Compliance
Exempt vs. Non-Exempt Employee Classification FAQ
FLSA exempt vs. non-exempt classification determines who earns overtime and how payroll calculates their pay. This FAQ covers definitions, overtime eligibility, salaried employee rules, full-time and part-time edge cases, and how classification decisions connect to automated payroll outcomes. It is written for HR, payroll, and operations leaders in construction, manufacturing, transportation, warehousing, staffing, and similar industries.
20 questions
- What is an exempt employee under the FLSA?
- An exempt employee is one who meets all three of the FLSA's white-collar exemption tests: the salary-basis test (paid a predetermined, fixed salary each pay period), the salary-level test (currently $684 per week, or $35,568 per year), and a duties test matching one of the recognized exemption categories. Employees who pass all three tests are not entitled to federal overtime pay. For a deeper explanation, see exempt vs non-exempt overtime rules.

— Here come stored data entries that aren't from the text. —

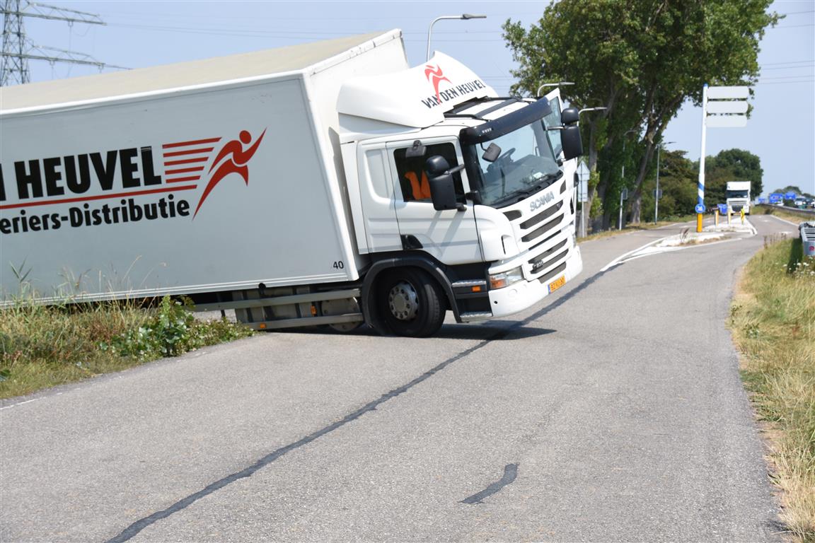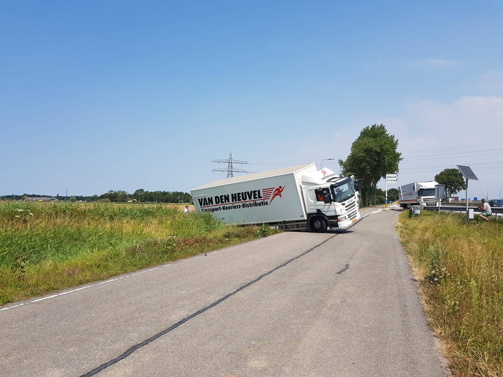 Een vrachtwagen is vanmiddag rond 14.30 vast komen te zitten in een greppel op de Verlengde Vinkweg tussen Oegstgeest en Rijnsburg. Bij het oprijden van ventweg naast de A44 om richting Rijnsburg te gaan, werd de bocht te kort genomen. De bestuurder wacht op een takelwagen om zijn voertuig te bevrijden. Tijdens het takelen is de ventweg enige tijd afgesloten geweest.
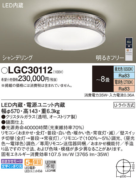 Panasonic ¥·¡¼¥ê¥ó¥°¥é¥¤¥È LGC30112
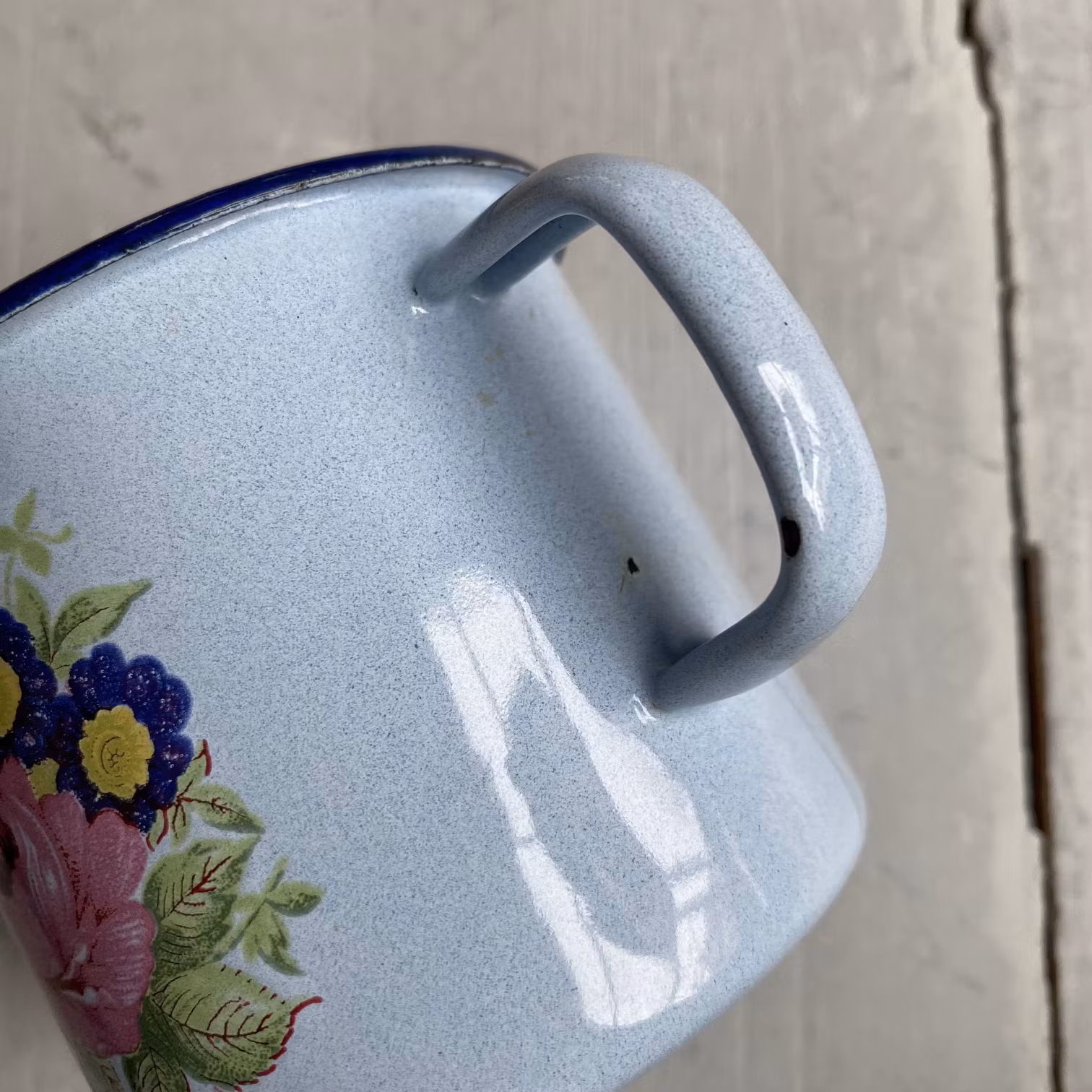 Förgyll ditt kök med en touch av nostalgi! Söta emaljmuggar prydda med blommor är inte bara praktiska, de är också en fröjd för ögat och ett charmigt inslag i din inredning. Dessa vintagepärlor har rest genom tiden från forna Jugoslavien och landat hos oss på KlaraForm. Med endast tre exemplar i lager är varje mugg unik och bär på sin egen historia. Trots att de är second hand ser de ut som nya på insidan - ett tecken på att de har värderats och vårdats genom åren. Visst finns det spår av liv i form av kantstötningar, men just dessa skavanker tillfogar karaktär och autenticitet.

- What is a non-exempt employee?
- A non-exempt employee is any worker who does not meet all three FLSA white-collar exemption tests. Non-exempt employees are entitled to the federal minimum wage and overtime pay at 1.5 times their regular rate for all hours worked over 40 in a workweek. Most hourly workers in construction, manufacturing, warehousing, and transportation fall into this category. The classification has nothing to do with job title alone.